Réunion du 27 octobre 2010 à 17h00
Commission d'enquête sur les mécanismes de spéculation affectant le fonctionnement des économies

Augustin de Romanet, directeur général de la Caisse des dépôts et consignations :

C'est toute la tragédie de la directive sur les marchés d'instruments financiers, dite « MIF », qui, en libéralisant les marchés réglementés, visait à y rendre les transactions moins coûteuses. Résultat : les pratiques de spot trading se sont multipliées, avec des taux de commission tellement ridicules que plus personne ne gagne d'argent, cela sans parler des fameuses chambres de compensation « sauvages », les dark pools. Bref, on ne contrôle plus rien, et l'opérateur particulier n'y a rien gagné.
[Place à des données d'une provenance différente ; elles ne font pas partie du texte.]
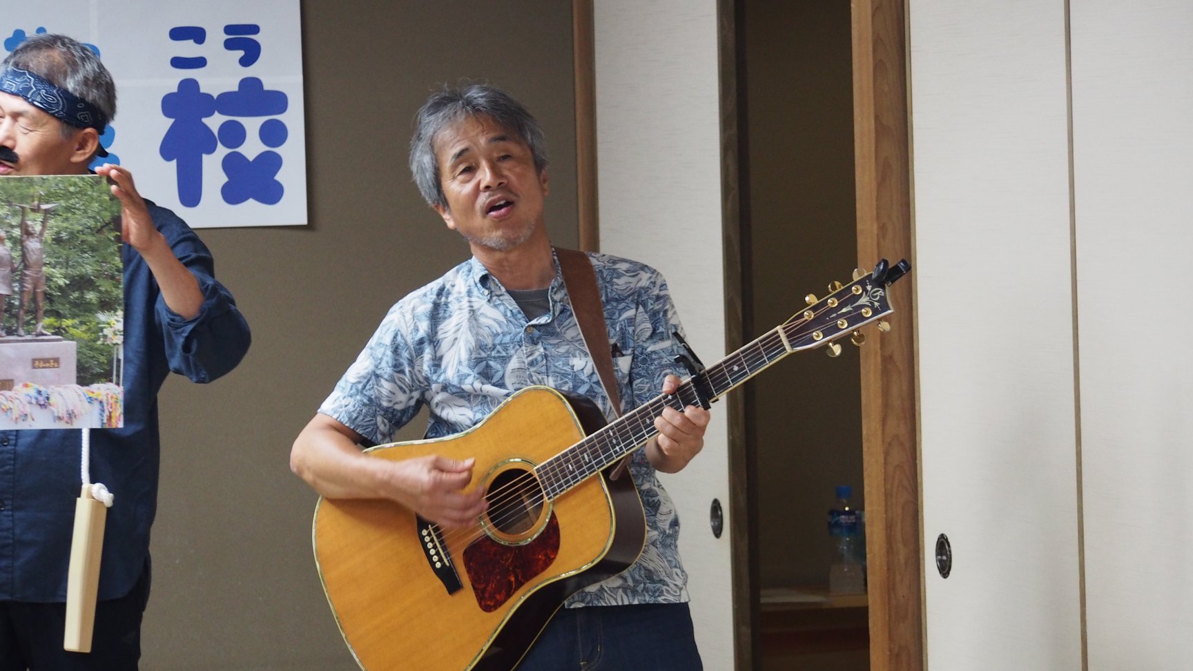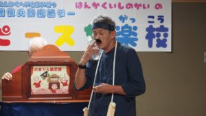 2時間目は、のまりんmeetsアーサー・ビナード①のまりんが読む紙芝居「ちっちゃいこえ」②おしえてアーサーさん~アーサーさんから紙芝居制作の経緯や思いを聞く~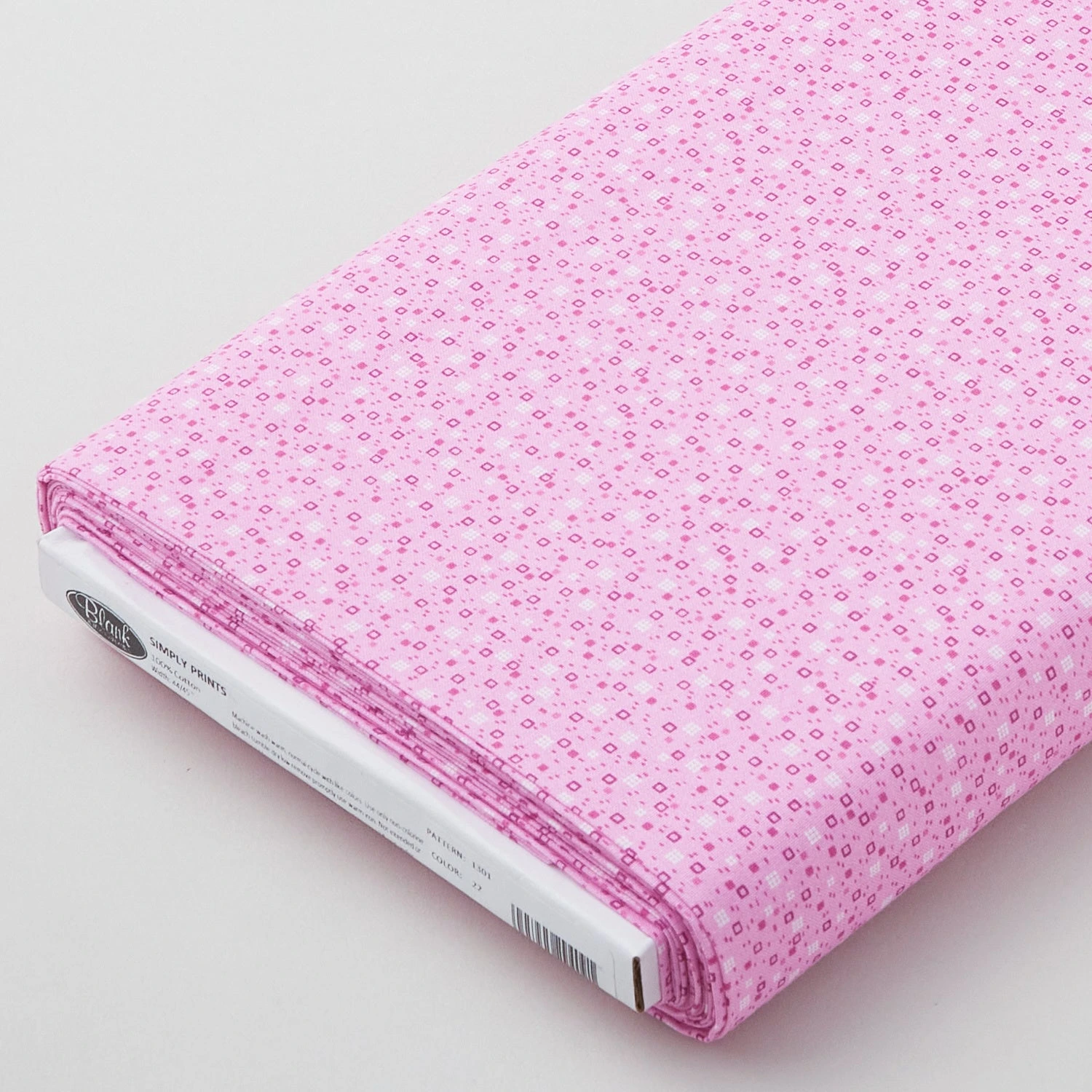 A 10-yard bolt of small pink and white squares on a pink background. Whether you’re looking for ditsy daisies or magnificent mosaics, you’ll find them by the bolt in the Simply Prints collection from Blank Quilting Corp. These bolts of prints, which come in a wide array of colors, are perfect for pieced backings on large quilts.

Voilà trois domaines dans lesquels la régulation pourrait être améliorée. Je vous ai, comme promis, épargné les développements sur la nécessité de la spéculation au regard de la liquidité des marchés, de la délivrance gratuite de l'information et de l'ajustement des prix. Je ne citerai qu'un exemple, qui intéresse la Caisse des dépôts, pour illustrer le fait que des marchés organisés peuvent être le moyen – et peut-être le seul – d'atteindre certains objectifs de politique publique : l'exemple du marché carbone. Aux États-Unis, la pollution atmosphérique urbaine au dioxyde de soufre a été résorbée grâce au « cap and trade », système de plafonnement et d'échange de quotas que l'on essaie de mettre en place au niveau mondial pour le CO2. Cette spéculation, bien organisée et à condition de se prémunir contre les fraudes à la TVA, me semble bénéfique au regard des objectifs de diminution des émissions de gaz à effet de serre ; les pouvoirs publics, qui ont confié un rapport à Michel Prada, ainsi que l'AMF, en sont d'ailleurs conscients.
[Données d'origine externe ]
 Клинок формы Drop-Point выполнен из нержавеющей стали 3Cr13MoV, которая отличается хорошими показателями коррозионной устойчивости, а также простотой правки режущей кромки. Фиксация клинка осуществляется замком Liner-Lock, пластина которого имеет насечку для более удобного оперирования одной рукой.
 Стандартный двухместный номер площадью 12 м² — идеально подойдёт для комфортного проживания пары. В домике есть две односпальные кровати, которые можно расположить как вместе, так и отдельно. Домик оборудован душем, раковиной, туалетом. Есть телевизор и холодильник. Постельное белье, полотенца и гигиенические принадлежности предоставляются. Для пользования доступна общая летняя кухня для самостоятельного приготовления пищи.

J'ajouterai un mot sur une question à laquelle, en tant que président du directoire du Fonds de réserve des retraites, je n'ai jamais eu de réponse bien que je l'aie souvent posée : l'achat de matières premières agricoles – sous forme de produits dérivés, bien entendu – a-t-il un impact négatif sur les prix ? J'avais l'intuition que oui ; mais aucune des études que nous avons commandées ne l'a confirmée.

La seule spéculation qui me semble devoir nous inquiéter est celle qui porte sur les terres agricoles en Amérique latine et en Afrique : que diraient les paysans de la Beauce si le fonds souverain chinois y achetait des hectares de blé ? L'intérêt de celui qui possède des actifs agricoles sur un continent étranger ne me paraît pas nécessairement convergent avec celui des populations ou des exploitants locaux : si par exemple les seconds peuvent avoir intérêt à développer une culture respectueuse de l'environnement, le premier peut tirer avantage de cultures polluantes, qui nuisent à ces populations.